What needs to be done
In the entries below, find the line with "A rate sheet" and the line with "There were several", then retype both and everything between them exactly. Do not copy the pictures.
********************
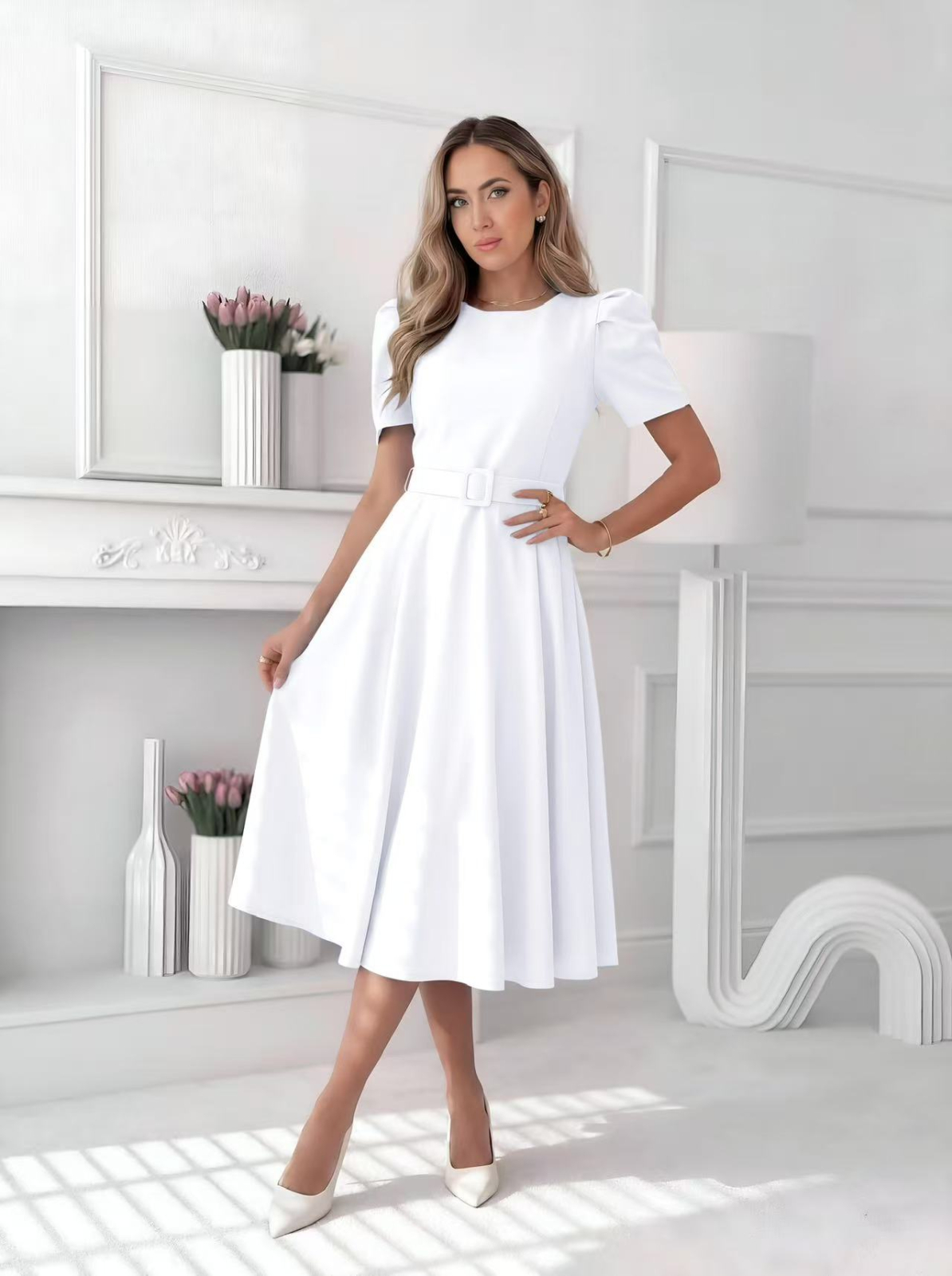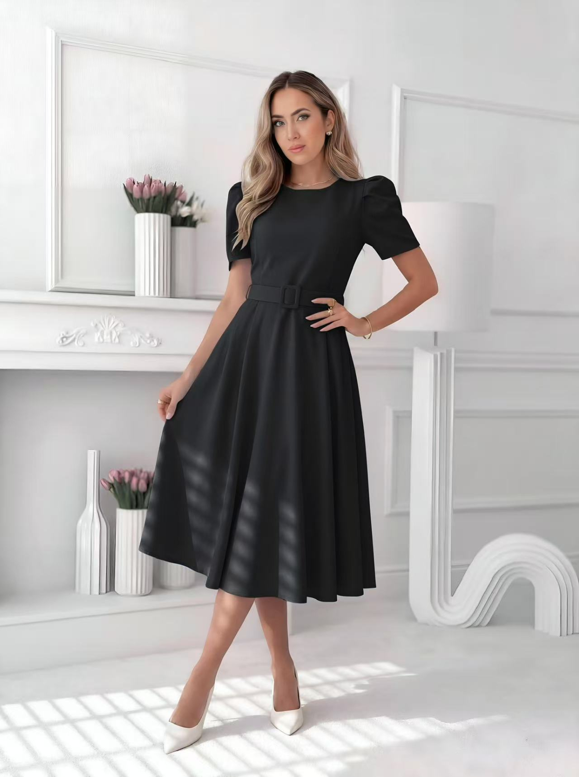 Rochia midi eleganta dama uni este alegerea potrivita pentru femeile care isi doresc un look feminin, rafinat si usor de adaptat in mai multe contexte. Modelul are o croiala ampla, talie evidentiata prin curea asortata si maneca scurta usor bufanta, detalii care contureaza o silueta armonioasa si eleganta. Designul simplu si curat pune in valoare linia rochiei si o transforma intr-o piesa versatila pentru garderoba de sezon.
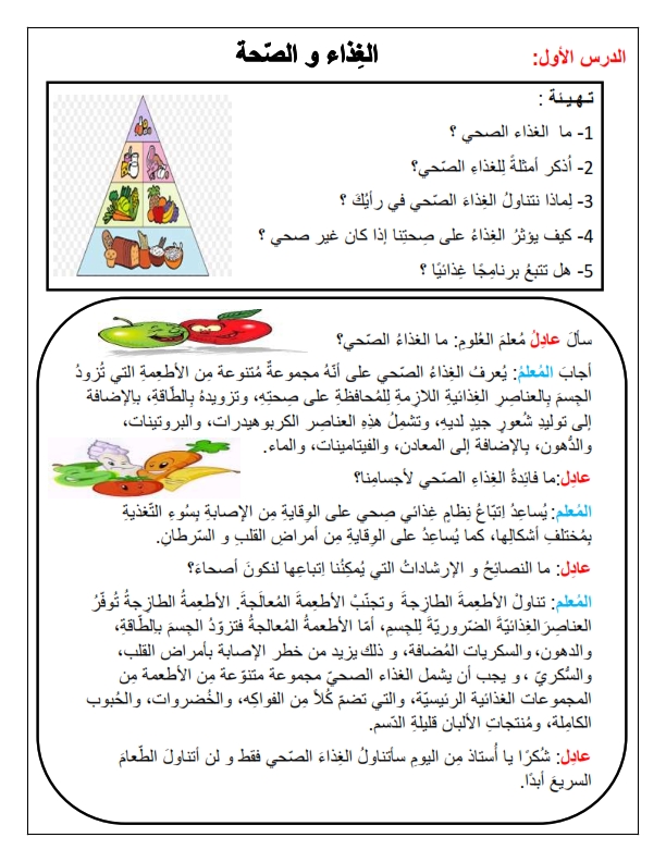 أوراق عمل الغذاء والصحة في اللغة العربية لغير الناطقين بها للصف السادس الفصل الثالث 2020 مذكرة دوت كوم
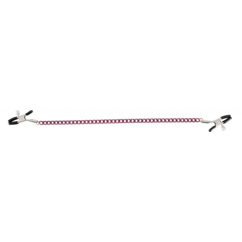 Two nipple clamps that are joined together by a purple chain. The pressure intensity of the clamps covered with rubber can be adjusted with the screws. Each clamp is 5.2 cm long, the chain is 30 cm long. Material: metal coating, PVC, phthalate-free according to EU Regulation REACH
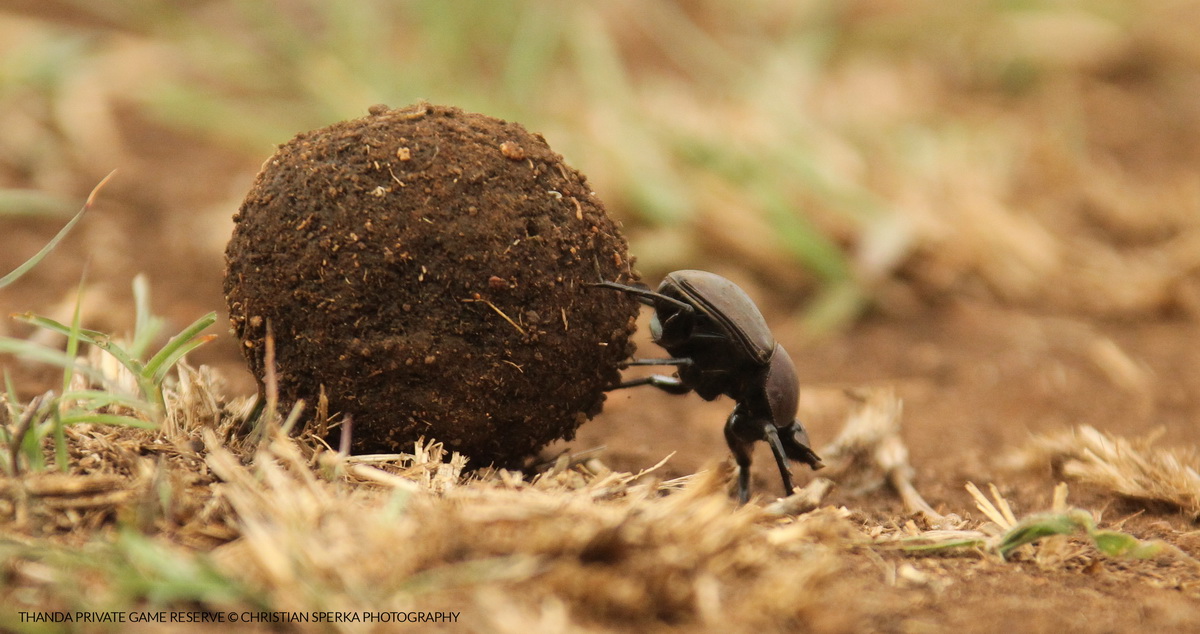 Dung Beetles are one of most fascinating family of creatures in creation. Strong as Hercules and persistent as Sisyphus they are one of the favorites of Thanda younger guests. Rolling huge dung balls these beetles are very powerful (compare to their body weight) and they can be most persistent when moving their ball up a hill. Even after many unsuccessful attempts to conquer an incline they will not give up. A very determined and tough member of nature’s cleanup crew. They possess exceptional dung disposal capacity. Many species of dung beetles, known as rollers, roll dung into round balls, which are then used as a food source or as brooding chambers.
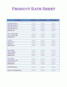 A rate sheet template is a list of prices of goods or services offered for sale. This list may be used at a departmental store or by wholesalers for their customers. This list will include list of names of products, quantity of the products, unit price and package price of each product etc. Other content on this sheet will include information about the business like business name, address line, business phone and fax, website and business logo. It may be printed on a simple white paper or on colored paper depending on the nature of the business.
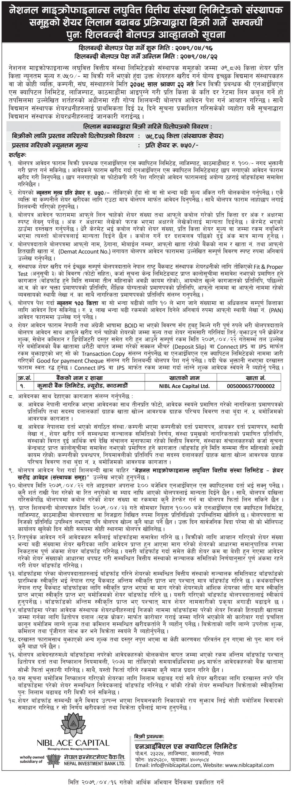 उक्त शेयर खरीद गर्न इच्छुक विद्यमान संस्थापक वा व्यक्ति, कम्पनी तथा संस्थाले साउन २२ गतेसम्म एनआईबिएल एस क्यापिटल, लाजिम्पाट, काठमाडौंमा आइपुग्ने गरी बोलपत्र पेश गर्न सक्नेछन् ।
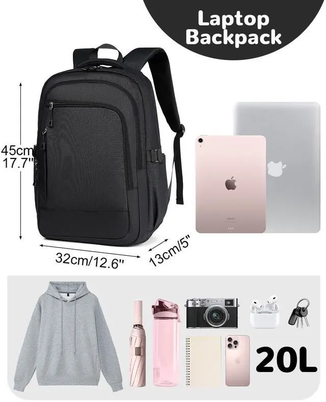 Outplea 15.6" Laptop Backpack for Men, 20L Small Stylish Travel Backpack with Anti-theft Pocket, Black
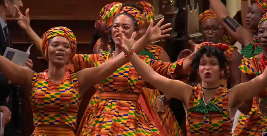 There were several links to Norfolk, including a magnificent contribution from the African Choir of Norfolk before and after the Gospel. The choir was launched by Norfolk’s Anna Mudeka in 2019. She said: “We were all so excited to be invited. We couldn’t believe it!”
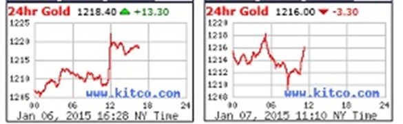 After three failed attempts this morning, TPTB haven’t even managed to get oil above yesterday’s five-year close of $47.90/bbl close. However, despite an utterly laughable ADP employment report, purporting the fourth highest increase in the past two-plus years (does ADP have any remaining credibility?); the Fed, as I write at 11:45 AM EST, has decidedly FAILED to goose the benchmark 10-year yield above the key psychological level of 2.0%. As I write, the early, PPT-generated stock gains are rapidly dissipating; the 10-year yield, after having topped at exactly 2.0%, is down to 1.96%; silver has turned positive, and gold has recouped nearly all its losses. And oh yeah, with the Euro in utter FREEFALL (yikes, 1.181!) – Euro-priced gold is exploding higher; taking with it Swiss Franc-priced gold, now 10% higher than when the “Save our Swiss Gold” referendum failed five weeks ago (think Swiss citizens aren’t boiling over with anger?).
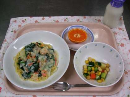 今日の給食は、スパゲティーサーモンソース・コロコロサラダ・果物(みかん)・牛乳でした。
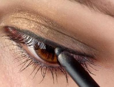 - День к вечеру. Иногда нам приходится переходить от дня к вечеру, не имея времени сменить макияж. Для создания образа от дневного до вечернего нанесите подводку вдоль внешних краев верхнего и нижнего века, используя точки и тире вдоль линии роста ресниц нижнего века, и растушуйте.
********************
Result for this task
 A rate sheet template is a list of prices of goods or services offered for sale. This list may be used at a departmental store or by wholesalers for their customers. This list will include list of names of products, quantity of the products, unit price and package price of each product etc. Other content on this sheet will include information about the business like business name, address line, business phone and fax, website and business logo. It may be printed on a simple white paper or on colored paper depending on the nature of the business.
 उक्त शेयर खरीद गर्न इच्छुक विद्यमान संस्थापक वा व्यक्ति, कम्पनी तथा संस्थाले साउन २२ गतेसम्म एनआईबिएल एस क्यापिटल, लाजिम्पाट, काठमाडौंमा आइपुग्ने गरी बोलपत्र पेश गर्न सक्नेछन् ।
 Outplea 15.6" Laptop Backpack for Men, 20L Small Stylish Travel Backpack with Anti-theft Pocket, Black
 There were several links to Norfolk, including a magnificent contribution from the African Choir of Norfolk before and after the Gospel. The choir was launched by Norfolk’s Anna Mudeka in 2019. She said: “We were all so excited to be invited. We couldn’t believe it!”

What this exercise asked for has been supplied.